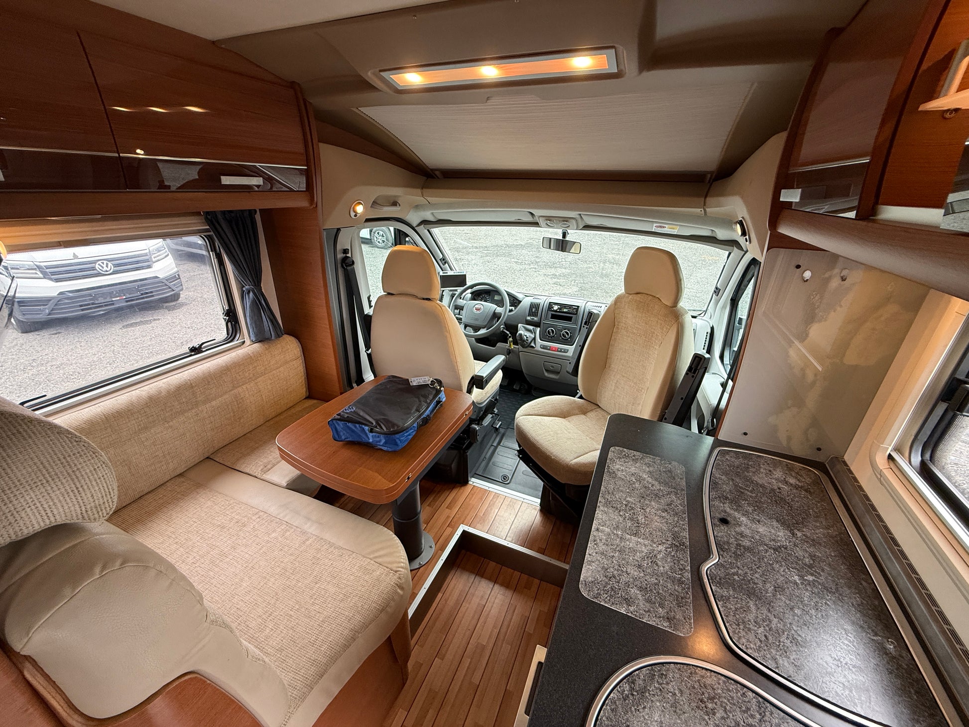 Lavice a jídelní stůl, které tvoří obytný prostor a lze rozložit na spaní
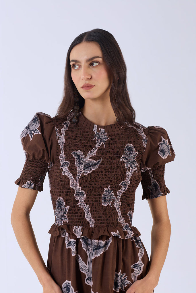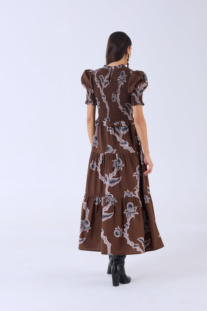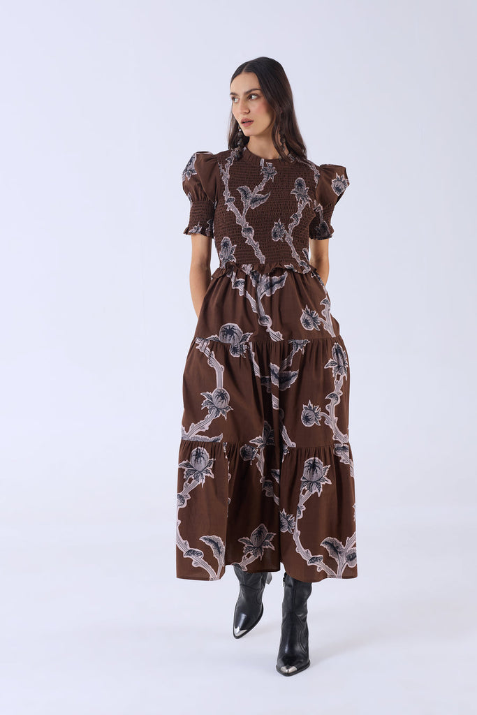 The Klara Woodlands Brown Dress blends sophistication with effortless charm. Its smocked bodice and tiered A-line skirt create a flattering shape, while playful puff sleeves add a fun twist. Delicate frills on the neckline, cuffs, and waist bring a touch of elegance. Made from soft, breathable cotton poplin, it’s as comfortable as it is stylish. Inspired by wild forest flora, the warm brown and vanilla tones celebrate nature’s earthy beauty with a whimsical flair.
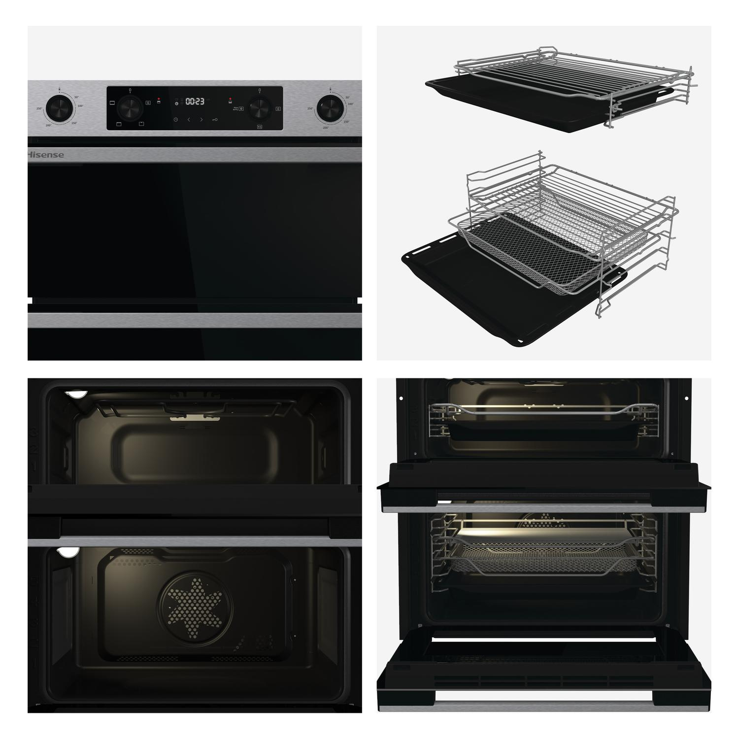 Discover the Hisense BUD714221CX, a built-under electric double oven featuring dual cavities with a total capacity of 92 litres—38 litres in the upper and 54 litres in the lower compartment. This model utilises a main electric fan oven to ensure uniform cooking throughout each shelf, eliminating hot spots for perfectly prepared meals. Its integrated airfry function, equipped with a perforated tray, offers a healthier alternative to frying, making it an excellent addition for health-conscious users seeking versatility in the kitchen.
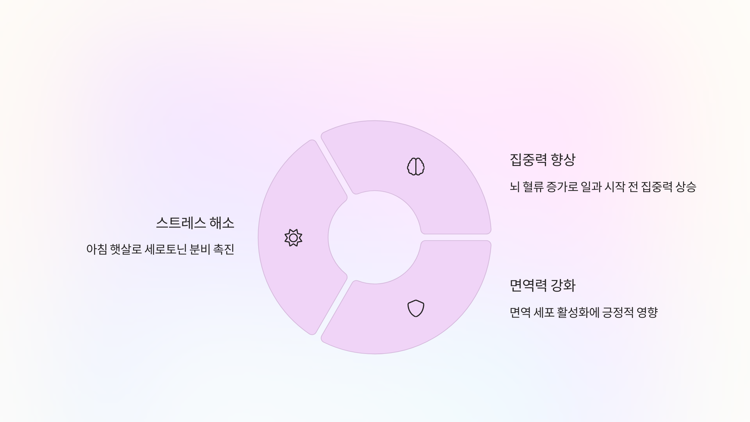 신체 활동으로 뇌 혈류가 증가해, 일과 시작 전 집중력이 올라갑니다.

--

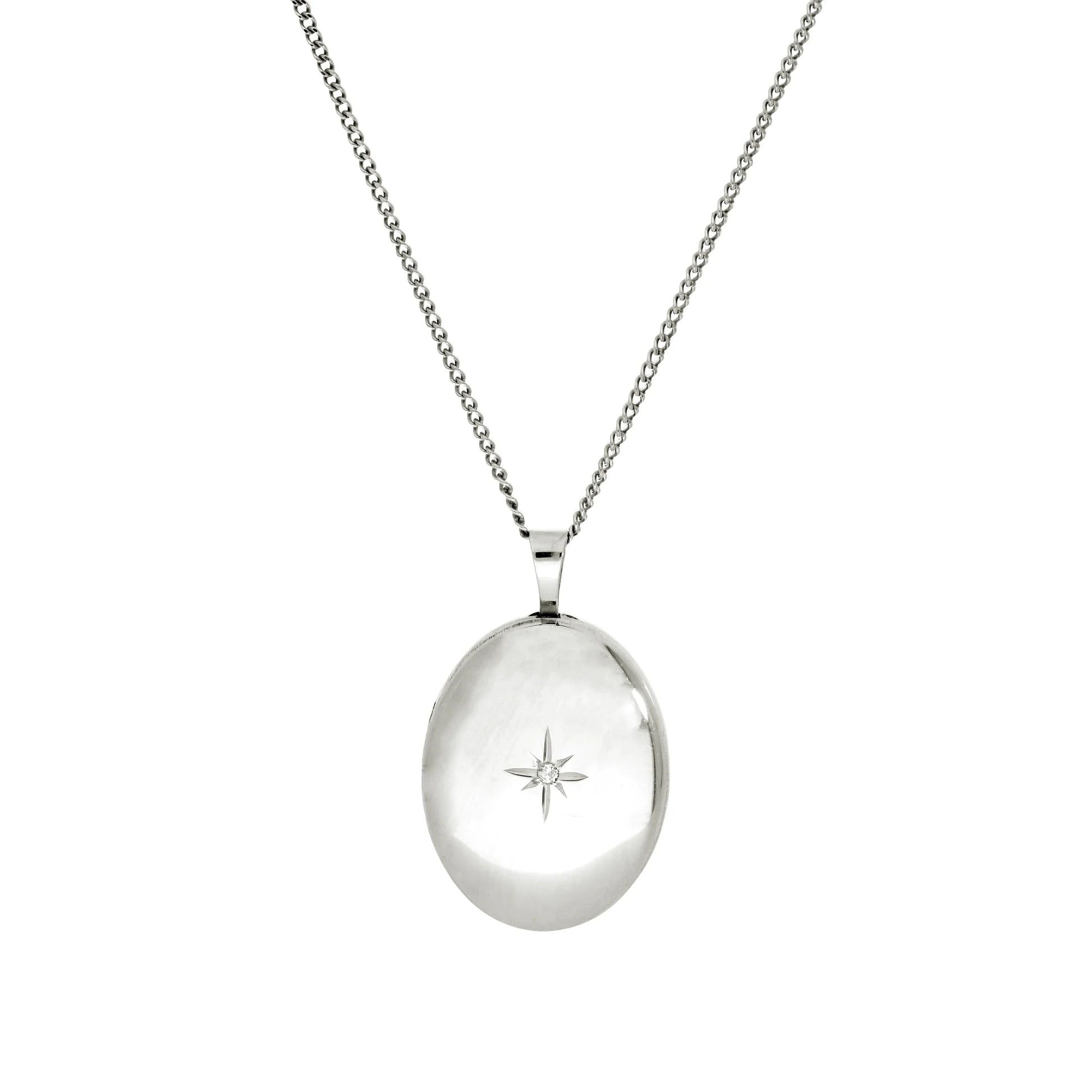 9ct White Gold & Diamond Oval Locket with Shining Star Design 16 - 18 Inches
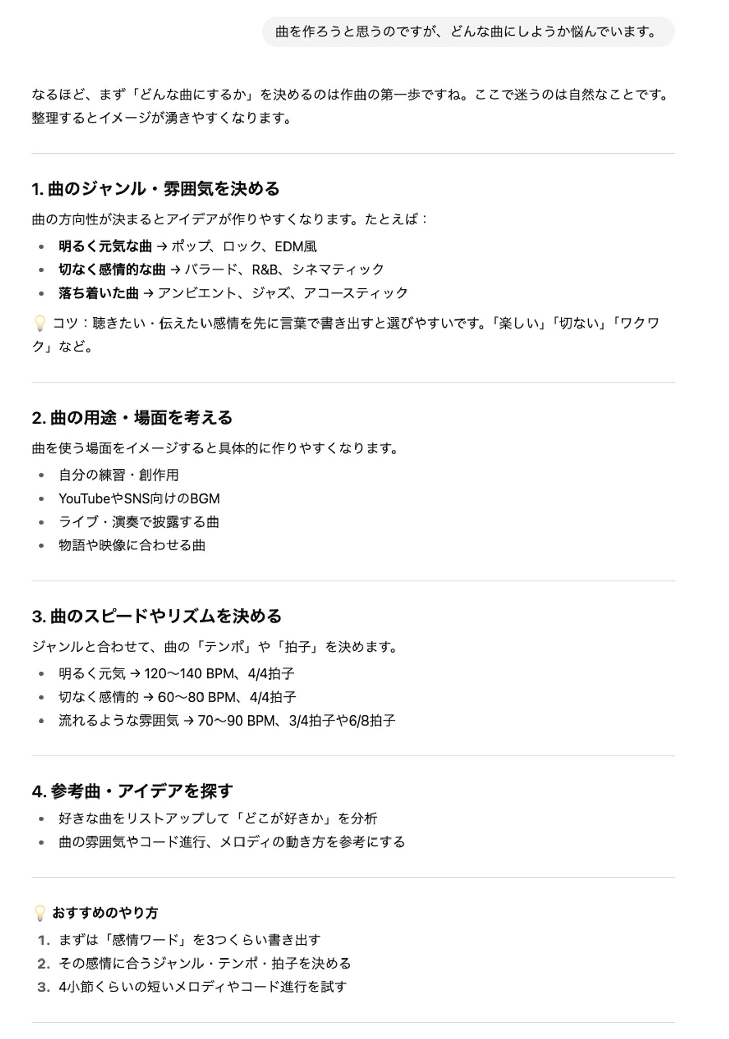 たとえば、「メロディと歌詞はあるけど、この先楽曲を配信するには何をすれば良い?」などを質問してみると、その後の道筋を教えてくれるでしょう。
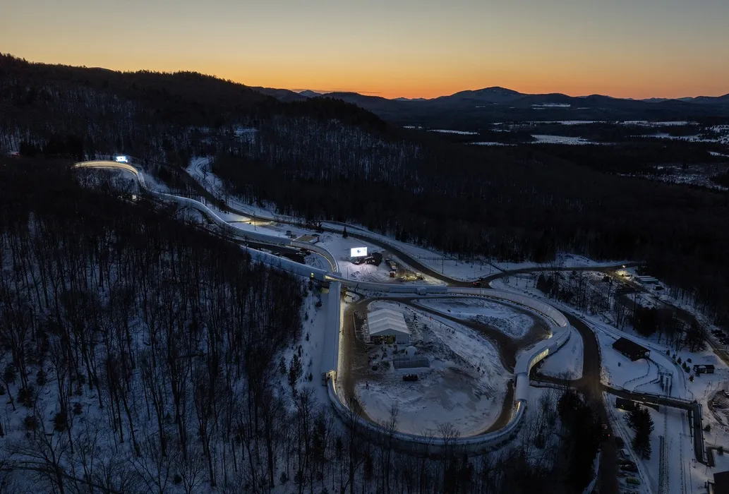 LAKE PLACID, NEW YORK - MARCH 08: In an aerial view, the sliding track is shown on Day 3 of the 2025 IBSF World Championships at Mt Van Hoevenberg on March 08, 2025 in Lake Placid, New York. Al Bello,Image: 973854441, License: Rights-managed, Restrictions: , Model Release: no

...

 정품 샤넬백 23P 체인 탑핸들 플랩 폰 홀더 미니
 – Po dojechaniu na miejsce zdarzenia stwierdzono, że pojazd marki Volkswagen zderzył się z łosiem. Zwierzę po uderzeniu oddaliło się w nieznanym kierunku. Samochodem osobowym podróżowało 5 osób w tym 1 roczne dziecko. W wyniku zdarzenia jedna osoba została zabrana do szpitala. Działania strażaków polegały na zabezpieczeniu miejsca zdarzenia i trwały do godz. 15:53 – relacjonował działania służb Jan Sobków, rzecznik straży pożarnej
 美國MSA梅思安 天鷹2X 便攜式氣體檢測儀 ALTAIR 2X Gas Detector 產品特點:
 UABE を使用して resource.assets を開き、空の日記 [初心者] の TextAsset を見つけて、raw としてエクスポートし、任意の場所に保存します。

Work order:
Copy the listing above exactly, but only from the line with "Discover the Hisense" through the line with "신체 활동으로 뇌 혈류가 증가해, 일과 시작 전 집중력이 올라갑니다.", including those two lines and excluding any picture.

Result of this task:
 Discover the Hisense BUD714221CX, a built-under electric double oven featuring dual cavities with a total capacity of 92 litres—38 litres in the upper and 54 litres in the lower compartment. This model utilises a main electric fan oven to ensure uniform cooking throughout each shelf, eliminating hot spots for perfectly prepared meals. Its integrated airfry function, equipped with a perforated tray, offers a healthier alternative to frying, making it an excellent addition for health-conscious users seeking versatility in the kitchen.
 신체 활동으로 뇌 혈류가 증가해, 일과 시작 전 집중력이 올라갑니다.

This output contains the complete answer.